Work instructions
In the entries below, find the line with "สมาคมฯ ประกาศ รายชื่อ" and the line with "- Rated Power: 6000VA/6000W"; reproduce those two lines and all lines between them exactly, without pictures.

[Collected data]
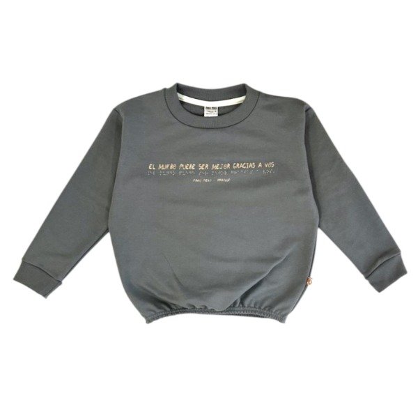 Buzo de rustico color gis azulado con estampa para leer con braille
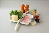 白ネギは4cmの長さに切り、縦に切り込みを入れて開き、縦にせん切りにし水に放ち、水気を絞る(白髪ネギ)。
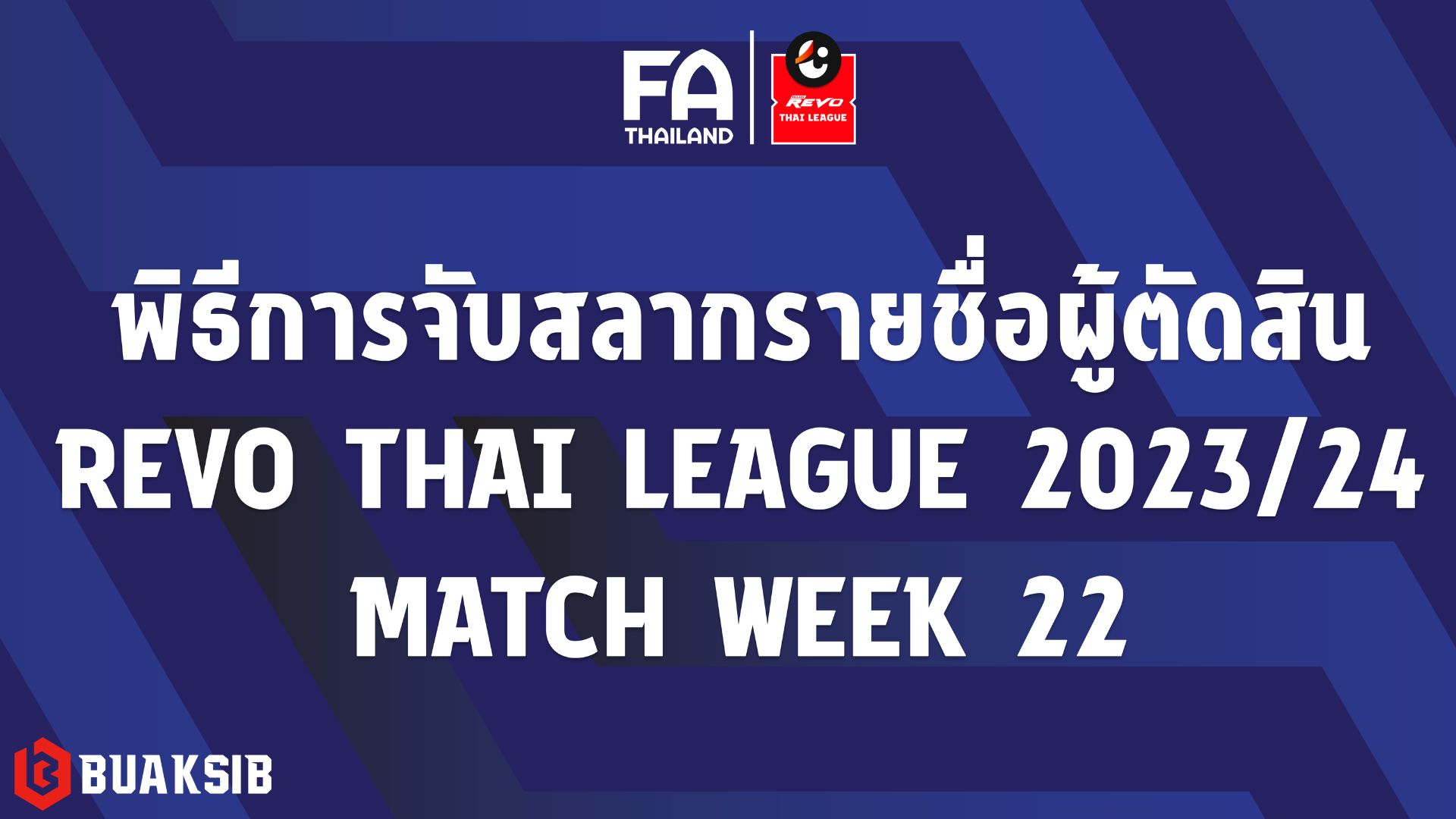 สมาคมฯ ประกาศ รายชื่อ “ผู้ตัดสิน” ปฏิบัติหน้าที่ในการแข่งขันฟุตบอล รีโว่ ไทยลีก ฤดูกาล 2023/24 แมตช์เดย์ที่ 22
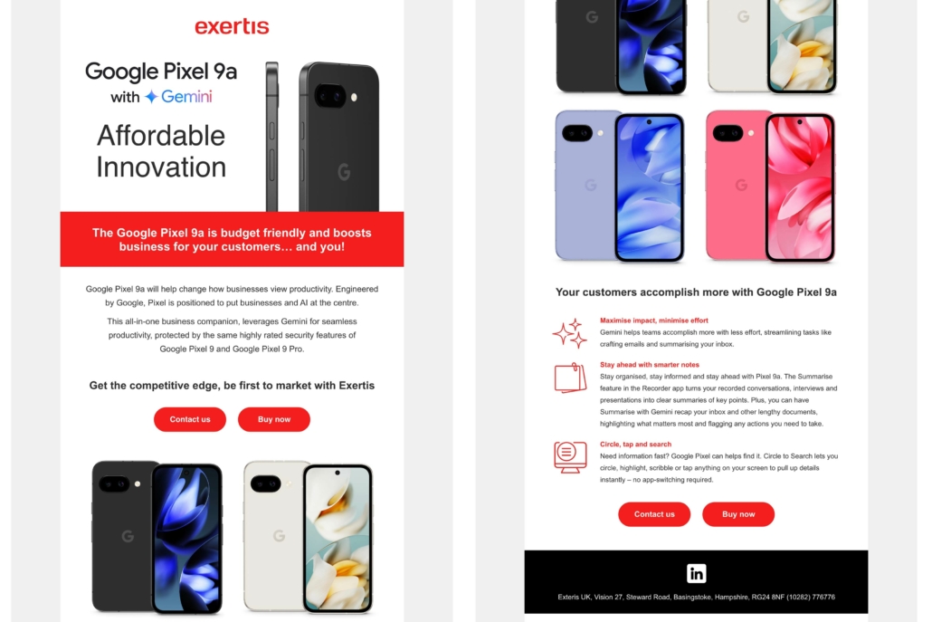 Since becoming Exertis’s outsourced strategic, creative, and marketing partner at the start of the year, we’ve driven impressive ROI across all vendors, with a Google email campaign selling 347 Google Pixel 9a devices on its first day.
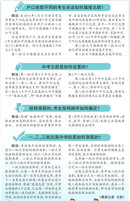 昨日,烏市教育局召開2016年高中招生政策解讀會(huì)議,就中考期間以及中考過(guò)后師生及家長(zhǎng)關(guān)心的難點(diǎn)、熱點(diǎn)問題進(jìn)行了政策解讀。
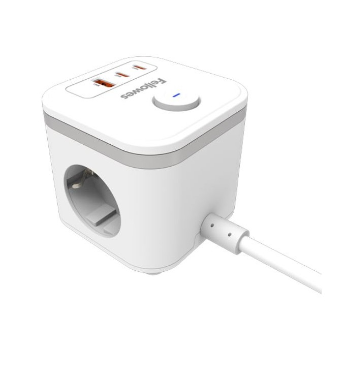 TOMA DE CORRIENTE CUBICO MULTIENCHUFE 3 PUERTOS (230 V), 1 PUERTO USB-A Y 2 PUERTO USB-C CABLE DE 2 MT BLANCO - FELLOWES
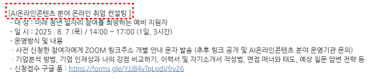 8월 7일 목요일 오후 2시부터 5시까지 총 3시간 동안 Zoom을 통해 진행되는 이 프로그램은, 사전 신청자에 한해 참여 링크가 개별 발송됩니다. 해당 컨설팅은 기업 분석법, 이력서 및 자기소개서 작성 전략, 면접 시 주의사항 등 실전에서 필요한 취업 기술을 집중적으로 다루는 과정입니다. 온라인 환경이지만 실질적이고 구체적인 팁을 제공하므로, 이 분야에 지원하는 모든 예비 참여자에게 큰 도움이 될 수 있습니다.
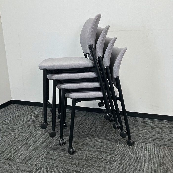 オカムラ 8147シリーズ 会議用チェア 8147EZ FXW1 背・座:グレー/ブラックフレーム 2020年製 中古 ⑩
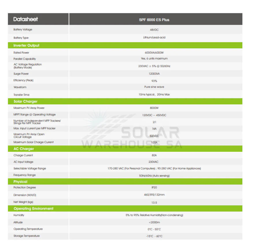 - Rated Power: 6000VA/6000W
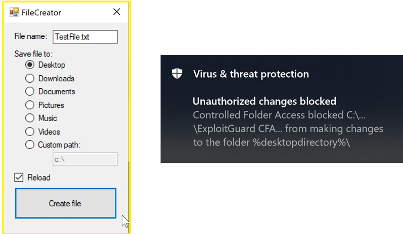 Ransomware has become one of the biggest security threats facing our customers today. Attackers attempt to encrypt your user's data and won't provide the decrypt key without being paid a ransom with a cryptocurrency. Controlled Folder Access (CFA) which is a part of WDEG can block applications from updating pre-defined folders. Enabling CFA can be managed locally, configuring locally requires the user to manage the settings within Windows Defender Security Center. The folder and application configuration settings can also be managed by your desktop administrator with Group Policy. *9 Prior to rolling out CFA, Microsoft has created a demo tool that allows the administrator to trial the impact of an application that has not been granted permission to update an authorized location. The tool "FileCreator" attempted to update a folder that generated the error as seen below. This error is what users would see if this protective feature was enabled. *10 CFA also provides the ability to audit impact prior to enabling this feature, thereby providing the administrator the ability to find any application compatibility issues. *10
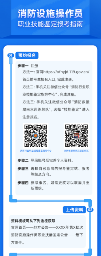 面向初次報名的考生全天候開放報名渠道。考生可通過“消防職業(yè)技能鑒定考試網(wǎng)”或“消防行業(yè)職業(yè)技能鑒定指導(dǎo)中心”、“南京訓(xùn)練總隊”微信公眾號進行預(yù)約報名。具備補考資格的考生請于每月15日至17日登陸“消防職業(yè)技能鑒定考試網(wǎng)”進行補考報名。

Response below
 สมาคมฯ ประกาศ รายชื่อ “ผู้ตัดสิน” ปฏิบัติหน้าที่ในการแข่งขันฟุตบอล รีโว่ ไทยลีก ฤดูกาล 2023/24 แมตช์เดย์ที่ 22
 Since becoming Exertis’s outsourced strategic, creative, and marketing partner at the start of the year, we’ve driven impressive ROI across all vendors, with a Google email campaign selling 347 Google Pixel 9a devices on its first day.
 昨日,烏市教育局召開2016年高中招生政策解讀會(huì)議,就中考期間以及中考過(guò)后師生及家長(zhǎng)關(guān)心的難點(diǎn)、熱點(diǎn)問題進(jìn)行了政策解讀。
 TOMA DE CORRIENTE CUBICO MULTIENCHUFE 3 PUERTOS (230 V), 1 PUERTO USB-A Y 2 PUERTO USB-C CABLE DE 2 MT BLANCO - FELLOWES
 8월 7일 목요일 오후 2시부터 5시까지 총 3시간 동안 Zoom을 통해 진행되는 이 프로그램은, 사전 신청자에 한해 참여 링크가 개별 발송됩니다. 해당 컨설팅은 기업 분석법, 이력서 및 자기소개서 작성 전략, 면접 시 주의사항 등 실전에서 필요한 취업 기술을 집중적으로 다루는 과정입니다. 온라인 환경이지만 실질적이고 구체적인 팁을 제공하므로, 이 분야에 지원하는 모든 예비 참여자에게 큰 도움이 될 수 있습니다.
 オカムラ 8147シリーズ 会議用チェア 8147EZ FXW1 背・座:グレー/ブラックフレーム 2020年製 中古 ⑩
 - Rated Power: 6000VA/6000W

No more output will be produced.